Wednesday, April 1, 2020

Pandemic crisis reveals impoverished understanding of solidarity

Pandemic crisis reveals impoverished understanding of solidarity
Ideology is the poster child for culture. I wrote about the culture of Covid-19 a few weeks ago. Libertarians are not all bad. They will even bankroll the cure, although getting sick is still the best one. Hiding old people prior to the virus would also help. Warehousing them has made their immune systems fragile.

There is better way to tax dividends and capital gains. An asset value added tax would be paid using after tax money. In combination with a salary tax in one side and an invoice tax in the other, a fairly high effective rate could be achieved.

The key to enacting this is to convince rich people that it is their children who are going to pay their debt to the nation. Having them do so is not just to raise money for better social democracy. It is preventing them from looting worker paychecks to earn that bonus. If the government taxes away the bonus, wages will be higher for everyone.
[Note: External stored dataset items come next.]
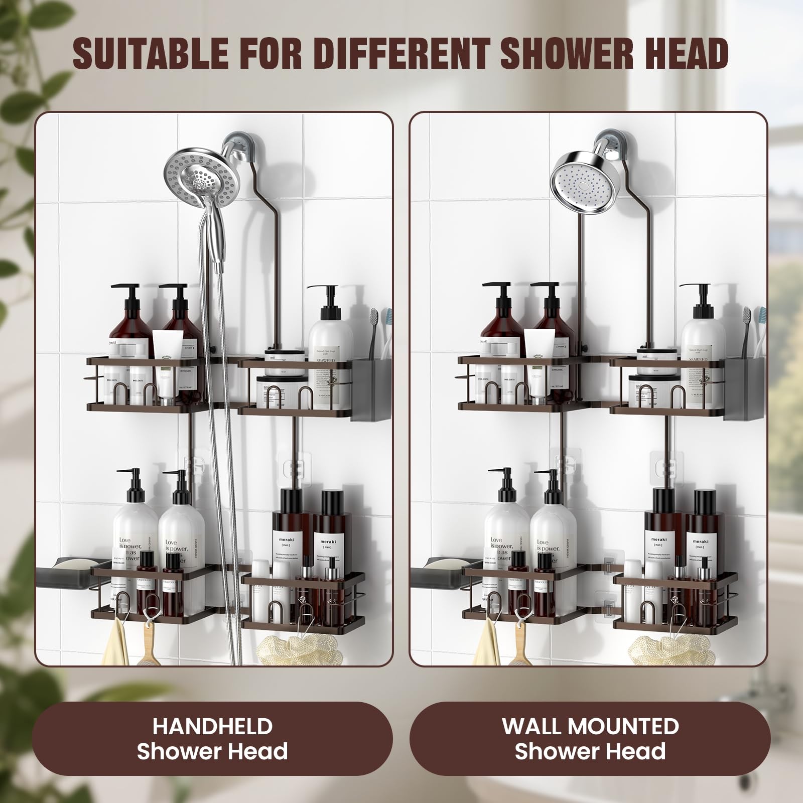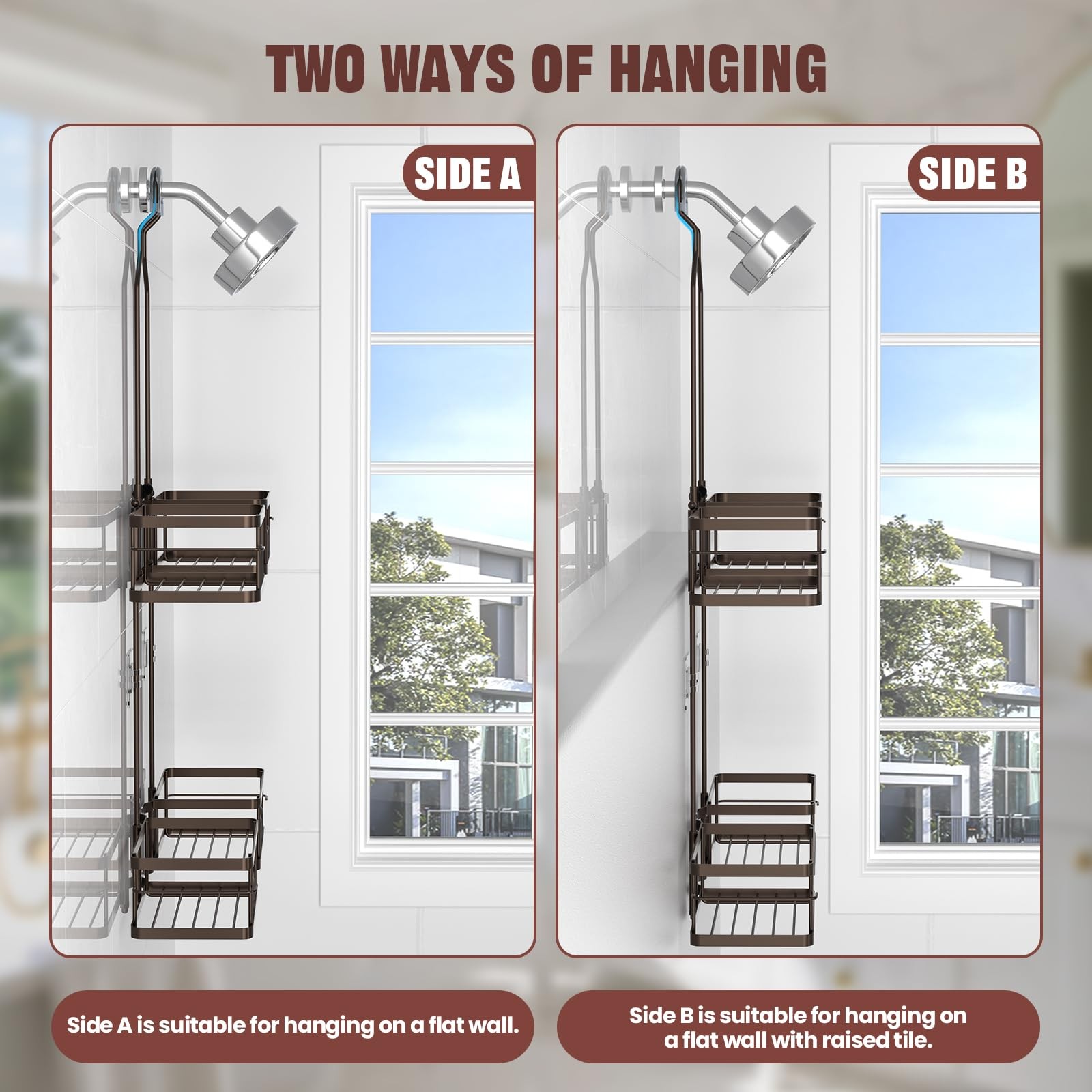 REINHARDT Adjustable Rustproof Hanging Shower Caddy for Handheld Showers
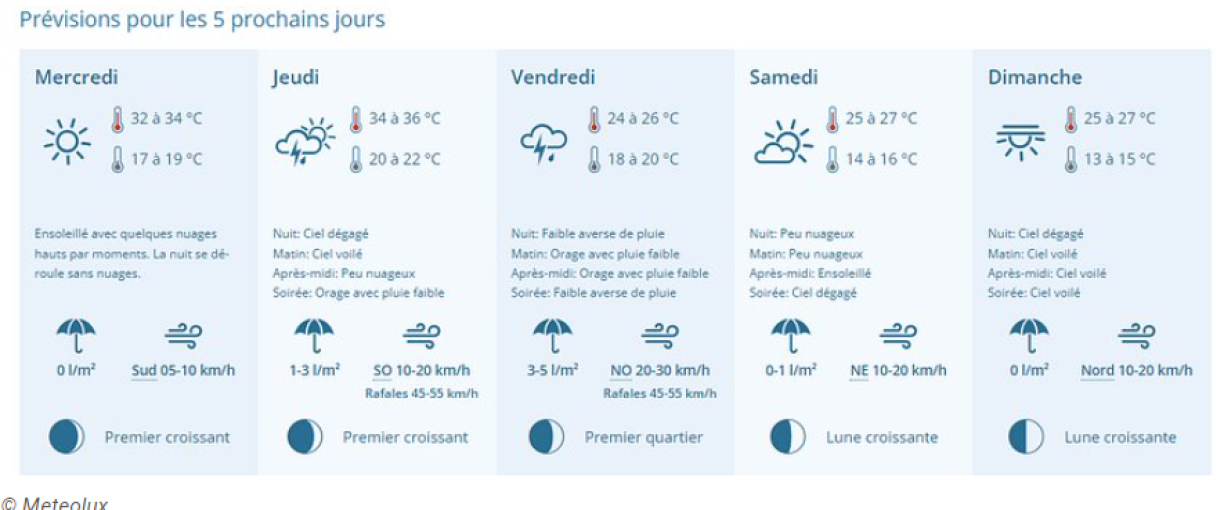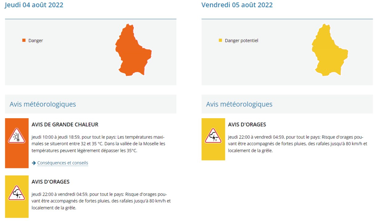 Meteolux have issued a high alert for the scorching temperatures expected between 1am and 7pm on Thursday. The thermometer will indicate 32°C-35°C, with temperatures exceeding 35°C in the Moselle Valley.
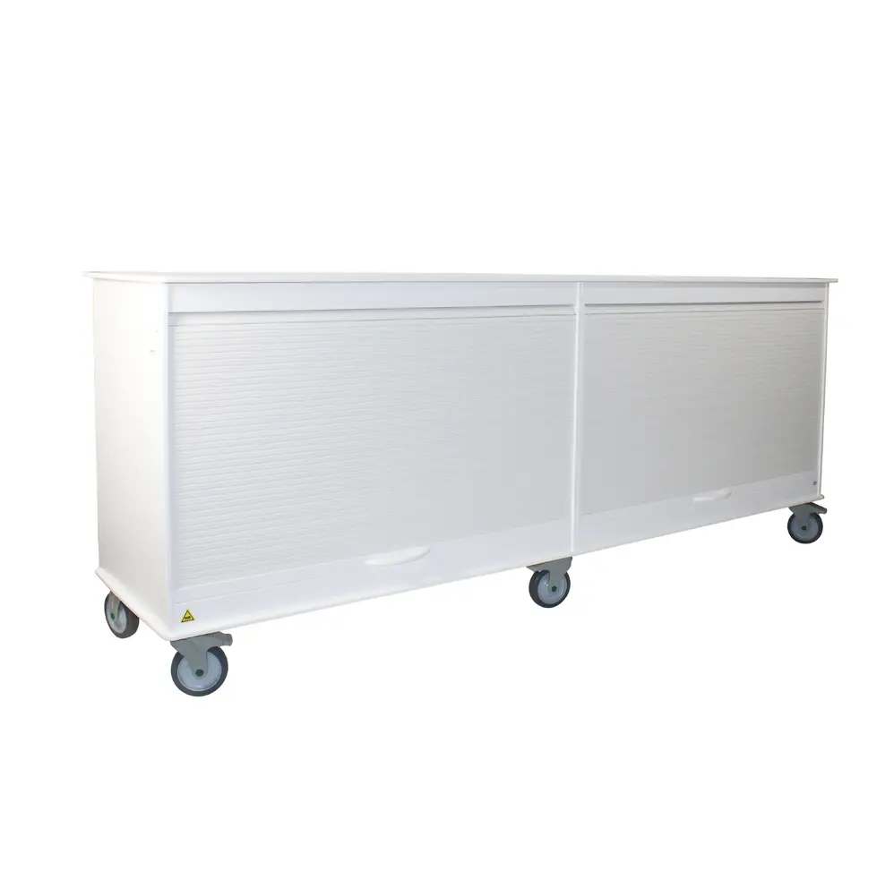 The MRI Lab Islands give technologists a safe, mobile workspace that keeps coils, linens, and consumables close at hand. With secure roll-top access, large MRI-safe casters, and durable non-metal construction, each unit helps you work faster without leaving the scan room. Whether you need a compact footprint or maximum staging space, the Lab Islands bring organization, flow, and confidence to every shift.
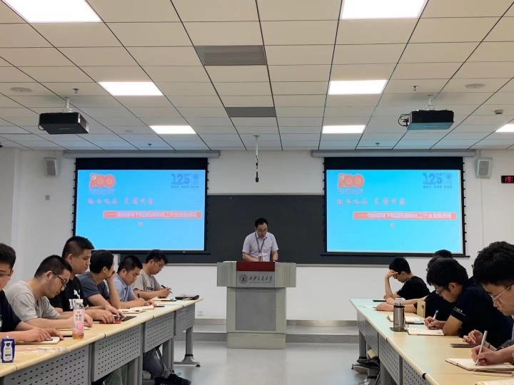 支部书记吴志强作专题党课,带领大家共同学习党的领导下我国化工行业发展历程,回顾了我国石油化工行业从无到有,从弱到强的百年历程,与师生们学习了解我国石油化工行业在党的领导下诞生、发展、崛起的光辉岁月,以及科学巨匠李四光、铁人王进喜、时代楷模陈俊武等优秀共产党员的无私奉献,并号召在座的党员群众积极响应党的号召,向新时代石油化工强国进军的目标奋力前行。

A higher unemployment payment means a higher wage later. It may also lead to hyperinflation now, as more money seeks a decreasing supply of goods and labor. Finding a cure fast, or at least not caving in to the new morality of social distancing, may prevent something worse than the consequences of making old people immunologically fragile. That imposed fragility is why they are dying. It is too late to help them now.

The ultimate solidarity is everyone getting sick so that they will all get well, but the doctors will never accept it. Knowing why is what makes culture a better study than ideology or theology.